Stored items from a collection
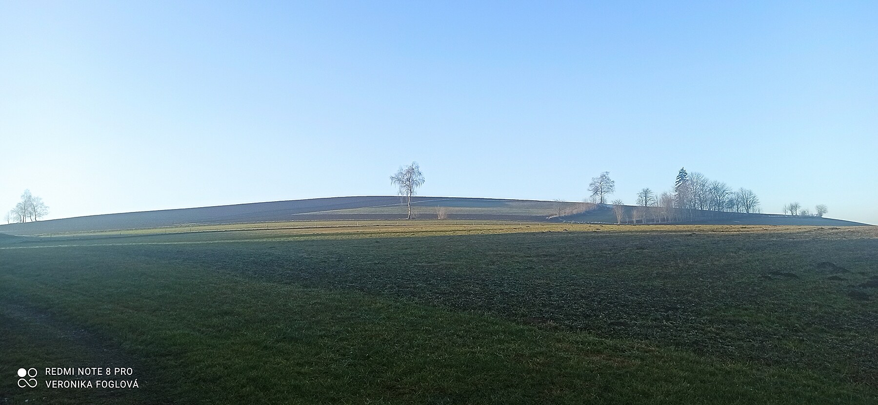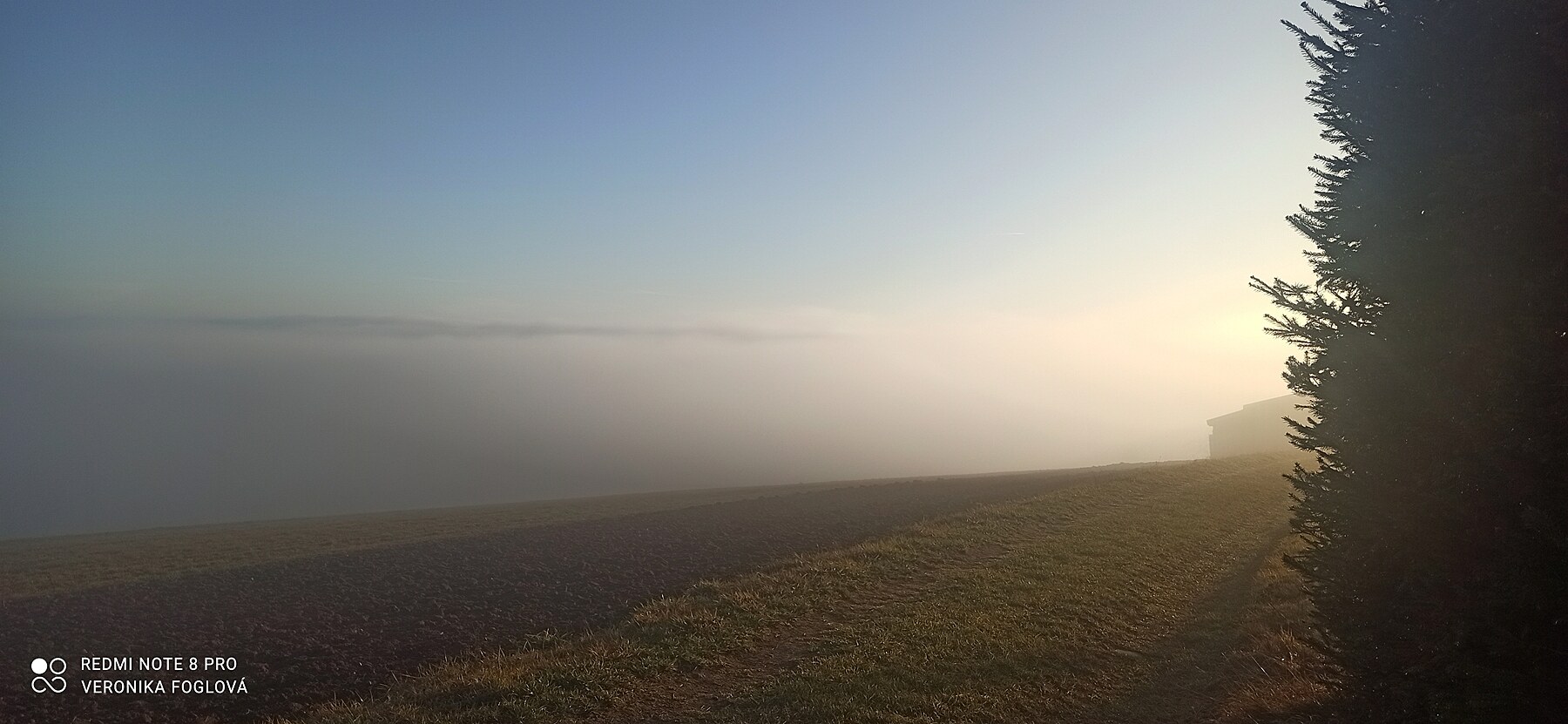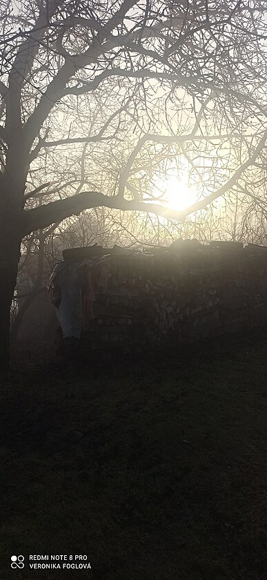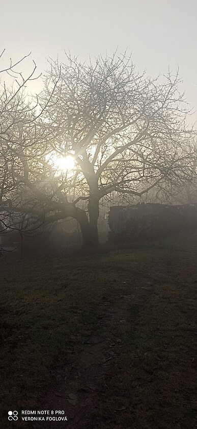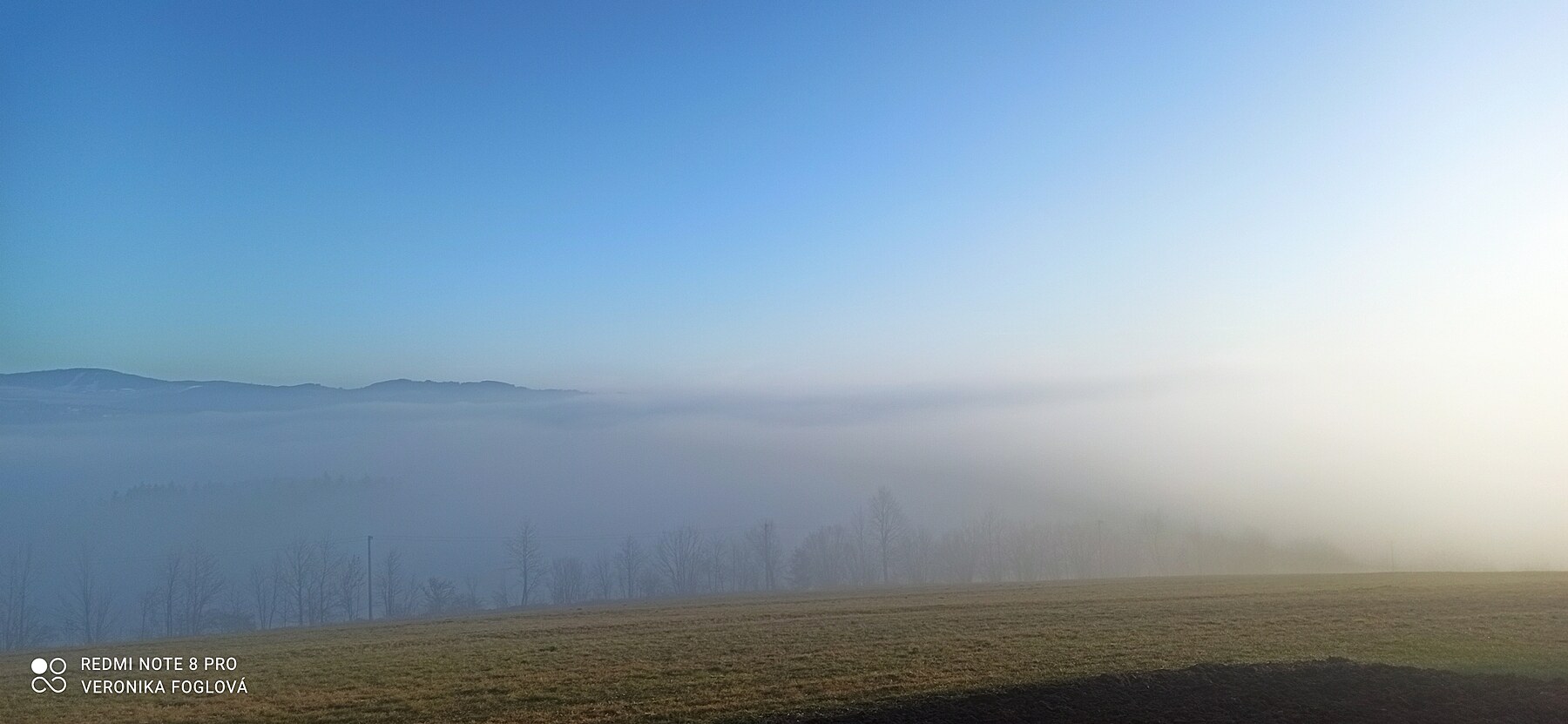 Bylo to kouzelné, vidět po těch dnech plných mlhy, mlhy a zase jenom mlhy modrou oblohu, okolní vrcholy, lesy, louky a pole. Fotila jsem kousek za naším domem...
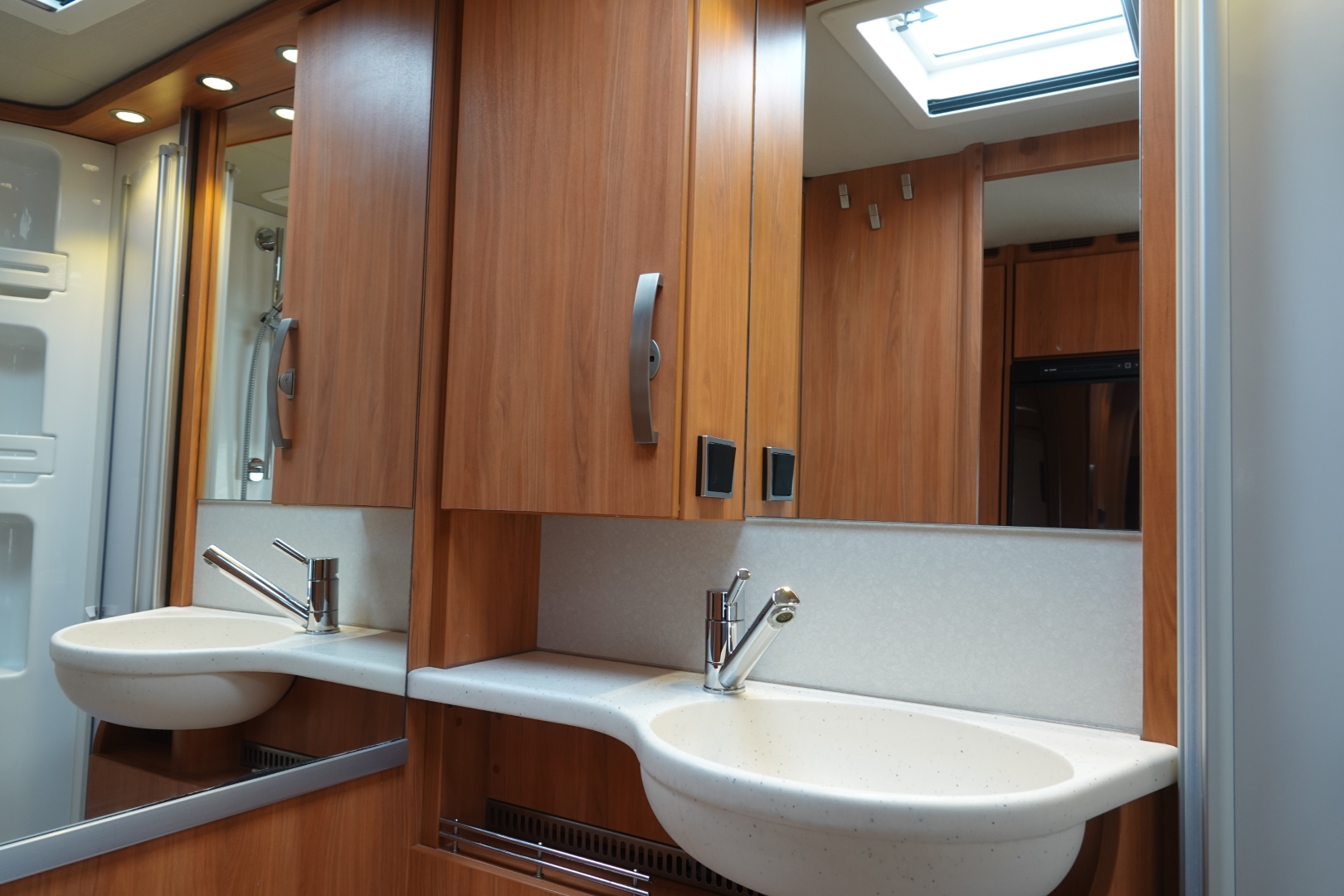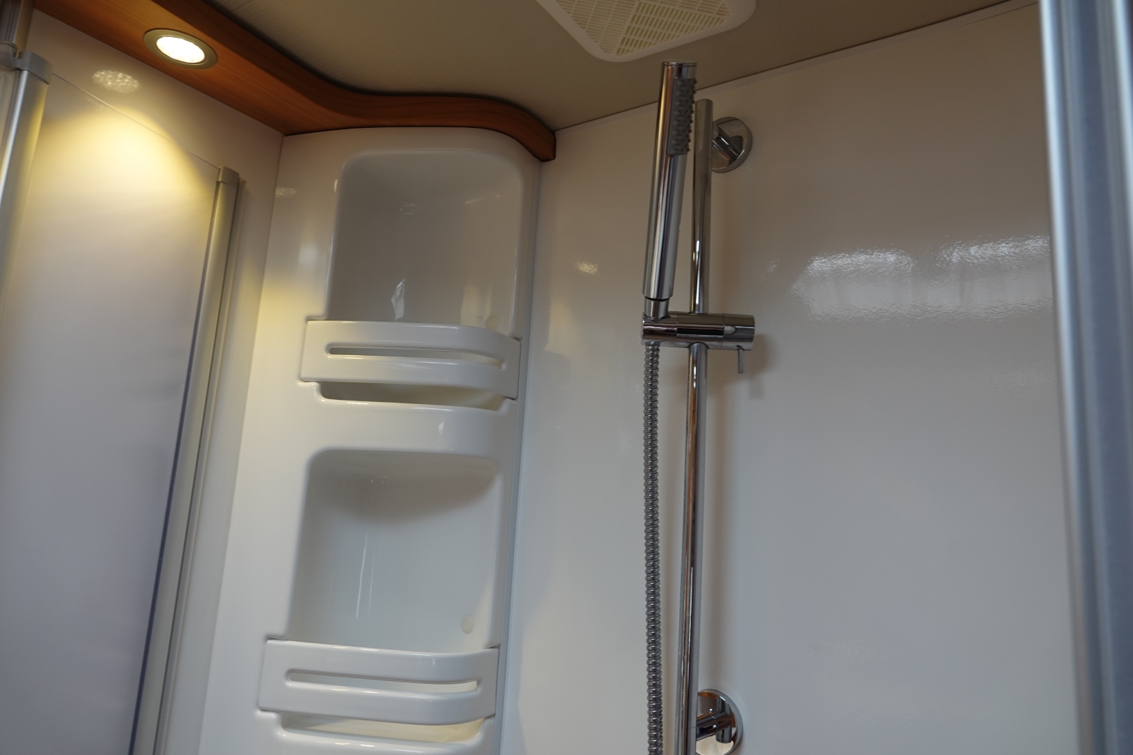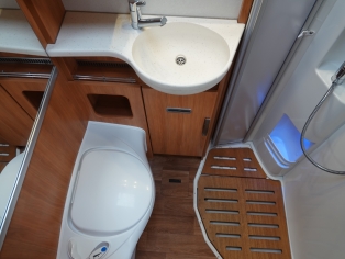 De ruime badkamer met wastafel heeft een Thetford toilet met SOG, extra kastruimte en een aparte grote douchecabine.
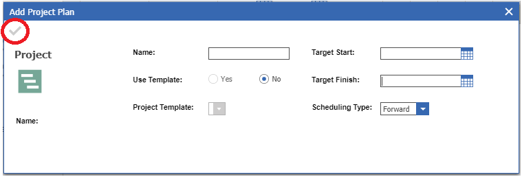 The first would be to simply flag your new property as Required on the Project ItemType. This won't prevent users from closing that initial dialog, but it will prevent users from saving and actually creating the new Project from the main form. The Project isn't actually saved to the database when you click the green check mark on the dialog. The fields required there undergo additional validation for the purposes of calculating the schedule of the Project.
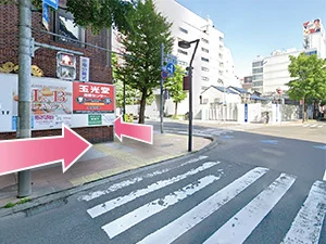 ④マツモトキヨシの左手にある横断歩道を渡ってください。
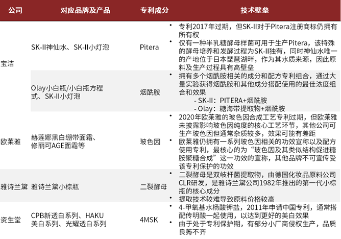 图表: 国际美妆集团明星单品专利成分一览表
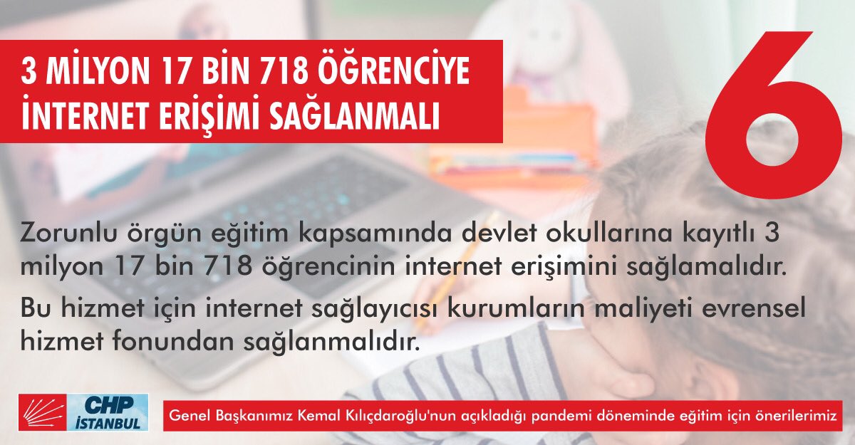 Chp Istanbul Il Baskanligi On Twitter 6 3 Milyon 17 Bin 718 Ogrenciye Internet Erisimi Saglanmali Zorunlu Orgun Egitim Kapsaminda Devlet Okullarina Kayitli 3 Milyon 17 Bin 718 Ogrencinin Internet Erisimini
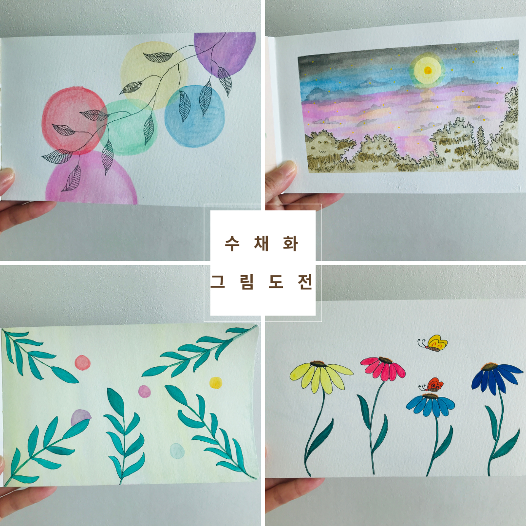 수채화 그림에 도전을 해봤는데 붓에 익숙해져야 잘 그릴 수 있겠더라고요. 그래서 그동안 수채화 그림 간단하게 하려고 밑그림을 그려서 채색을 하면 될 것 같았어요.

What the task requires
Copy out every line of the data above, taking care to leave the pictures out.

Written response
 Bylo to kouzelné, vidět po těch dnech plných mlhy, mlhy a zase jenom mlhy modrou oblohu, okolní vrcholy, lesy, louky a pole. Fotila jsem kousek za naším domem...
 De ruime badkamer met wastafel heeft een Thetford toilet met SOG, extra kastruimte en een aparte grote douchecabine.
 The first would be to simply flag your new property as Required on the Project ItemType. This won't prevent users from closing that initial dialog, but it will prevent users from saving and actually creating the new Project from the main form. The Project isn't actually saved to the database when you click the green check mark on the dialog. The fields required there undergo additional validation for the purposes of calculating the schedule of the Project.
 ④マツモトキヨシの左手にある横断歩道を渡ってください。
 图表: 国际美妆集团明星单品专利成分一览表
 Chp Istanbul Il Baskanligi On Twitter 6 3 Milyon 17 Bin 718 Ogrenciye Internet Erisimi Saglanmali Zorunlu Orgun Egitim Kapsaminda Devlet Okullarina Kayitli 3 Milyon 17 Bin 718 Ogrencinin Internet Erisimini
 수채화 그림에 도전을 해봤는데 붓에 익숙해져야 잘 그릴 수 있겠더라고요. 그래서 그동안 수채화 그림 간단하게 하려고 밑그림을 그려서 채색을 하면 될 것 같았어요.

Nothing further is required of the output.